首页 > 解决方案 > 如何将json文件中的特定键插入Python中的数据框中

问题描述

抱歉,如果这非常简单或已经被问到,我是 Python 新手并且使用 json 文件,所以我很困惑。

我有一个从网站上抓取的 9 GB json 文件。这些数据包含大约 300 万人的信息。每个人都有属性,但并不是所有的人都具有相同的属性。一个属性对应于 json 文件中的一个键,如下所示:

{
  "_id": "in-00000001",
  "name": {
    "family_name": "Trump",
    "given_name": "Donald"
  },
  "locality": "United States",
  "skills": [
    "Twitter",
    "Real Estate",
    "Golf"
     ],
  "industry": "Government",
  "experience": [
  {
    "org": "Republican",
    "end": "Present",
    "start": "January 2017",
    "title": "President of the United States"
  },
  {
    "org": "The Apprentice",
    "end": "2015",
    "start": "2003",
    "title": "The guy that fires people"
  }]
}

所以在这里,、 、 、_idnamelocality属性(键)。另一个配置文件可能具有其他属性,例如、、,或者缺少在另一个配置文件中找到的某些属性,例如属性等。skillsindustryexperienceeducationawardsinterestsskills

我想做的是扫描 json 文件中的每个配置文件,如果配置文件包含属性和skills,我想提取该信息并将其插入数据框(我想我需要 Pandas ?)。从中,我想具体提取他们当前雇主的姓名,即最近在. 数据框如下所示:industryexperienceexperienceorg

    Industry   | Current employer | Skills
    ___________________________________________________________________
    Government | Republican       | Twitter, Real Estate, Golf
    Marketing  | Marketers R Us   | Branding, Social Media, Advertising

...对于具有这三个属性的所有配置文件,依此类推。

我正在努力寻找一个很好的资源来解释如何做这种事情,因此我的问题是。

我想粗略的伪代码是:

for each profile in open(path to .json file):
    if profile has keys "experience", "industry" AND "skills":
        on the same row of the data frame:
            insert current employer into "current employer" column of 
            data frame
            insert industry into "industry" column of data frame
            insert list of skills into "skills" column of data frame

我只需要知道如何用 Python 编写它。

标签: pythonjsonpandasdataframe

解决方案


我假设该文件包含所有配置文件,例如

{
    "profile 1" : {
        # Full object as in the example above
    },
    "profile 2" : {
        #Full object as in the example above
    }
}

在继续之前,让我展示一个使用 Pandas DataFrames 的正确方法。

更好地使用 Pandas DataFrames 的示例:

Pandas DataFrame 中的值不能是列表。因此,我们将不得不复制行,如下例所示。查看此问题和 JD Long 的答案以获取更多详细信息:如何在 pandas 数据框中使用列表作为值?

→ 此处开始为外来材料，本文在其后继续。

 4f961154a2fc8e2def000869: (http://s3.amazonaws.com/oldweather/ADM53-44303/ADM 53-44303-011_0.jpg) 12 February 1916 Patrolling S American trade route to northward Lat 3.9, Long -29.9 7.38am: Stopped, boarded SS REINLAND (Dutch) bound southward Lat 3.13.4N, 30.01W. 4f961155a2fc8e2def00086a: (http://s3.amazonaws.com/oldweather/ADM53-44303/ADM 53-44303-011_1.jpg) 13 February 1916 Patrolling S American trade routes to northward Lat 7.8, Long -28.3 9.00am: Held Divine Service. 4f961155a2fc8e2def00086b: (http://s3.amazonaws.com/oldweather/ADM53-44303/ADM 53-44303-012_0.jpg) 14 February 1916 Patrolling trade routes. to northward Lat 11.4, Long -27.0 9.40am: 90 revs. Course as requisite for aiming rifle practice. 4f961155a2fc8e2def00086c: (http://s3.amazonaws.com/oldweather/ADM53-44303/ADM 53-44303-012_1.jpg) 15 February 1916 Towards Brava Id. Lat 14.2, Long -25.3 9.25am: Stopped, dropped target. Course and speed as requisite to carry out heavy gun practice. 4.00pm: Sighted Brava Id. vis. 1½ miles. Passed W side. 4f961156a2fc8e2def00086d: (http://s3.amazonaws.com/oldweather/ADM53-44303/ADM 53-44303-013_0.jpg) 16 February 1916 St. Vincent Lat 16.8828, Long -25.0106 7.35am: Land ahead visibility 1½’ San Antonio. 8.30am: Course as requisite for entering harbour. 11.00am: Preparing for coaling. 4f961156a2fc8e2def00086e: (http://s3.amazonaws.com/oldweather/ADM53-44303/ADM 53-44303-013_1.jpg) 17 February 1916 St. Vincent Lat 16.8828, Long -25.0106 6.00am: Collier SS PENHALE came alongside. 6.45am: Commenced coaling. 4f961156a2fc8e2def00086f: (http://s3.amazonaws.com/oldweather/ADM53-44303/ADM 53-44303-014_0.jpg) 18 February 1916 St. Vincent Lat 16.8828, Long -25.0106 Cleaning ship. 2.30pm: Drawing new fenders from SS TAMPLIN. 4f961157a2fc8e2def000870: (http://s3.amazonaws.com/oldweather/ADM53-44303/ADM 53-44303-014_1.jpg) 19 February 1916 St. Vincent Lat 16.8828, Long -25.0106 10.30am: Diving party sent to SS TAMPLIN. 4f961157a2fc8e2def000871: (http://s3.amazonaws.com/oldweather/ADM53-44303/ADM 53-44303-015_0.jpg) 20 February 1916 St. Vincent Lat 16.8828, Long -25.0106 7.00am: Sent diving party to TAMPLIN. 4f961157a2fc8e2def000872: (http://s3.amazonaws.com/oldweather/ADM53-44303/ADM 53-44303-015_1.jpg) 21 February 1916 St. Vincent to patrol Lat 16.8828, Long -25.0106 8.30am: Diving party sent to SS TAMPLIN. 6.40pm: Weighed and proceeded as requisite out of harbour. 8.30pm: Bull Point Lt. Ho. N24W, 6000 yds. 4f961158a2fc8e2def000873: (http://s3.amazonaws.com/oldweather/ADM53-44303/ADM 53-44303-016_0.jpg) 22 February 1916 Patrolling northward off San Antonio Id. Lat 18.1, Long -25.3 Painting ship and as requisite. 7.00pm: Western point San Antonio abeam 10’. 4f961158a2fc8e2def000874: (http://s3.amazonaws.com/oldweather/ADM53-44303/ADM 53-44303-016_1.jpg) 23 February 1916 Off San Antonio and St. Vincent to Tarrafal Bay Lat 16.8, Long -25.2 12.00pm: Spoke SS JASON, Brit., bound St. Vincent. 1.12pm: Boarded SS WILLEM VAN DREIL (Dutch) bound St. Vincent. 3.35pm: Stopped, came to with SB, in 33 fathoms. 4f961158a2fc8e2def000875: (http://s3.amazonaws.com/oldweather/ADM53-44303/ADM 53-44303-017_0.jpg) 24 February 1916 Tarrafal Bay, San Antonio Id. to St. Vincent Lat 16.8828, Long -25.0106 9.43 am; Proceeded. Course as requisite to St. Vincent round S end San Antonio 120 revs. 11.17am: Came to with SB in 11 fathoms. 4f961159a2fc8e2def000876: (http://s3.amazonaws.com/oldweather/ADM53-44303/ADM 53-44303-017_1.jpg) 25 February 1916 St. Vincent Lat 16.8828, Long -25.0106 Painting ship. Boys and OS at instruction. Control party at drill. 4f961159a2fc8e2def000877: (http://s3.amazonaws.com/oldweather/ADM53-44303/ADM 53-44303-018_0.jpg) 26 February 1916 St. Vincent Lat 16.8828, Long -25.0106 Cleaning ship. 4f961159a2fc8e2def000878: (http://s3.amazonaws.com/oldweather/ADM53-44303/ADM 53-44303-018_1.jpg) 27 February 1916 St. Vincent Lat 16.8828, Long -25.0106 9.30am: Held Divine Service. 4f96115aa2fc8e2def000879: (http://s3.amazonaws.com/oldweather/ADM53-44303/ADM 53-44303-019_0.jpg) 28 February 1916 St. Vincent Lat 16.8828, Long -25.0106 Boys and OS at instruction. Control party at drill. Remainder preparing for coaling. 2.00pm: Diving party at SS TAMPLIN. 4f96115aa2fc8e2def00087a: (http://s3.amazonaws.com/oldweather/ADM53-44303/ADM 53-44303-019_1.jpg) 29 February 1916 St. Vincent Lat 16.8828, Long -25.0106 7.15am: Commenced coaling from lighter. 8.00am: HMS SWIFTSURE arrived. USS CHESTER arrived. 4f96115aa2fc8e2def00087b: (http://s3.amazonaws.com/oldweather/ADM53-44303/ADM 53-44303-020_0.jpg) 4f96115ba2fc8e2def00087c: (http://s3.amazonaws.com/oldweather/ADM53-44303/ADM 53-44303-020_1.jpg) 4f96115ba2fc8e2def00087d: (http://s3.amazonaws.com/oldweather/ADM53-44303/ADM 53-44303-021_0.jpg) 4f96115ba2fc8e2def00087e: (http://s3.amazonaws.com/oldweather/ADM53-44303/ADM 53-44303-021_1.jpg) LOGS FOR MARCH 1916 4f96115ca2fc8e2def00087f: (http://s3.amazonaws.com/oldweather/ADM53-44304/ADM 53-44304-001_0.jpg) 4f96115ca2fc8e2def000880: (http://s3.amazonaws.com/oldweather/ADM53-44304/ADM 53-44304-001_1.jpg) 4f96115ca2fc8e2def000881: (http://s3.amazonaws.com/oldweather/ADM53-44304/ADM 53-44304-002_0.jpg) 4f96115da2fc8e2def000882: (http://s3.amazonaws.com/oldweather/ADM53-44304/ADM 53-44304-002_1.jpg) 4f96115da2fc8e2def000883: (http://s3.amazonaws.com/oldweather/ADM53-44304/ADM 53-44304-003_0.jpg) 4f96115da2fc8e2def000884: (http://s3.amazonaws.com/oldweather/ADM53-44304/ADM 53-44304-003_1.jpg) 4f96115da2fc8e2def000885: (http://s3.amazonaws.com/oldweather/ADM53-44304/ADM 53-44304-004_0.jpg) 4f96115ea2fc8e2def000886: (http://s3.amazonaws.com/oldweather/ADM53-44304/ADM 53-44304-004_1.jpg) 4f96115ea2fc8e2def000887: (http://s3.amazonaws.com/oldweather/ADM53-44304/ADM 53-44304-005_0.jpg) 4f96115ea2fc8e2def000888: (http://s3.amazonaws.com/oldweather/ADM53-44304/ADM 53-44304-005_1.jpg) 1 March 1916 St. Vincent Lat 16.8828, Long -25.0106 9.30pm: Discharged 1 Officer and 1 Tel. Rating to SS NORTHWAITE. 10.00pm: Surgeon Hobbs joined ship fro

ID      |    Industry   | Current employer | Skill
___________________________________________________________________
in-01   |    Government | Republican       | Twitter
in-01   |    Government | Republican       | Real Estate
in-01   |    Government | Republican       | Golf
in-02   |    Marketing  | Marketers R Us   | Branding
in-02   |    Marketing  | Marketers R Us   | Social Media
in-02   |    Marketing  | Marketers R Us   | Advertising

在以下代码的注释中查找解释:

import json
import pandas as pd

# Create a DataFrame df with the columns as in the example
df = pd.DataFrame(data, columns = ['ID', 'Industry','Employer','Skill']) 

#Load the file as json. 
with open(path to .json file) as file:
    #readlines() reads the file as string and loads() loads it into a dict
    obj = json.loads(''.join(file.readlines()))
    #Then iterate its items() as key value pairs
    #But the line of code below depends on my first assumption.
    #Depending on the file format, the line below might have to differ.
    for prof_key, profile in obj.items():
        # Verify if a profile contains all the required keys
        if all(key in profile.keys() for key in ("_id","experience", "industry","skills")):
            for skill in profile["skills"]:
                df.loc[-1] = [profile["_id"],
                              profile["industry"],
                              [x for x in profile["experience"] if x["end"] == "Present"][0]["org"],
                              skill]

上面的行在df.loc[-1] = ...数据框中插入一行作为最后一行(索引-1)。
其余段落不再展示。